We don’t only need tech diplomats to mediate disagreements between governments and tech companies, we need them to help broker collaborations between governments and tech companies to fight even greater enemies. Take the rise of domestic extremism in the US, for instance. In the Biden administration, the Department of Homeland Security recently acknowledged the need to partner with companies like Facebook, as a start, to identify potential threats posted on their platform. Verdier verified this notion, saying, “We speak a lot about the consequences of the attention economy business model: hate, terrorist content, disinformation, and foreign interference. While we consider social networks and their business model are part of the problem, we also see that they have to be part of the solution. And this means we need to have new rules and new means of interacting with them.”

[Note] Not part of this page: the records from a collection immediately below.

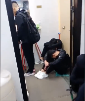 凌晨两点气温骤降大伙儿实在扛不住了只好…躲进卫生间坐在地上缩成一团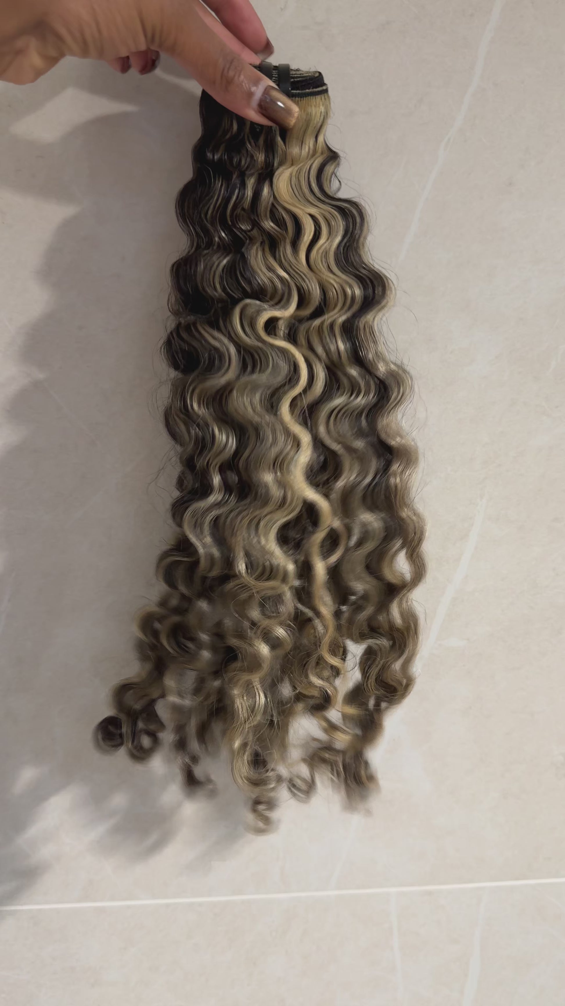 A stunning single-donor Burmese curly texture enhanced with soft blonde highlights for a beautifully dimensional look.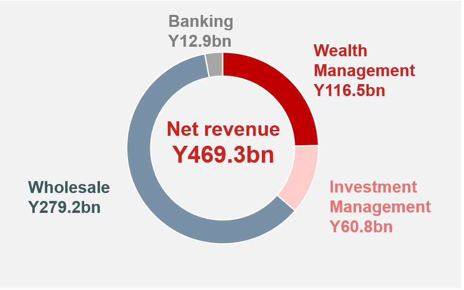 Growth in profits from recurring revenue business in Wealth Management and Investment Management made a contribution to steady groupwide performance, and Wholesale continued its self-sustained growth based on the principle of “self-funding”, enabling income before income taxes to rise substantially and drive groupwide earnings. Banking got off to a good start and made progress with preparations for the introduction of a deposit sweep service next fiscal year.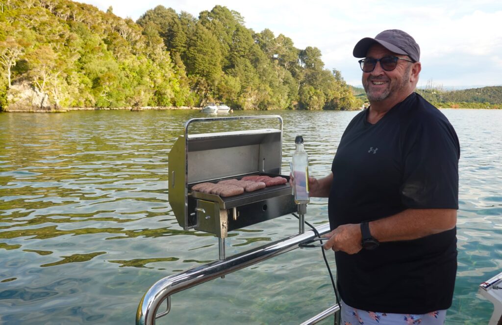 Owen took on chef duties for our BBQVicki, and Owen admire the sunset, while David admires Vicki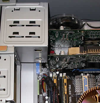 As mentioned above, SLI card owners will find themselves in a bit of trouble if they try to unhook any HDD drives, or install them after installing the graphics cards. This is due to the HDD cage sliding out towards the motherboard rather than upwards, as seen in the screenshot below...

One reason to be hopeful is that some net states aren’t waiting around for governments to make the first move. Microsoft, for example, opened offices to the United Nations and the European Union in 2020, creating space for diplomatic, not just commercial, engagements. The UN, for its part, welcomed them with open arms. When Secretary General António Guterres convened a “high-level roundtable” on climate change in the fall of 2020, he invited national leaders such as British prime minister Boris Johnson, Canadian prime minister Justin Trudeau—and Microsoft’s president, Brad Smith. (To emphasize just how unusual this is, the term “high-level” in diplo-speak usually refers to nation-state presidents, prime ministers, and monarchs. Granting the president of a tech company quasi-king status, even if just for a day, is a big deal.)

There’s no precedent for digital-era challenges, so governments need adaptable, quick-thinking officials to meet them. “There's no manuals, there's no best practices,” Rauchbauer says. “You have to invent everything on the go and have to think it out yourself.” In the face of rapidly expanding tech empires, governments must use every tool at their disposal to contend with them.

Nations must scatter armies of tech-savvy diplomatic forces far and wide if governments are to have any hope of staying relevant in our increasingly digital age. Tech diplomats are a country’s best bet to not only understand but also, in time, to achieve a sustainable peace with the digital world. “There’s no such thing as silver bullets here,” Canada’s Sarkar says, “But there will be silver buckshot.”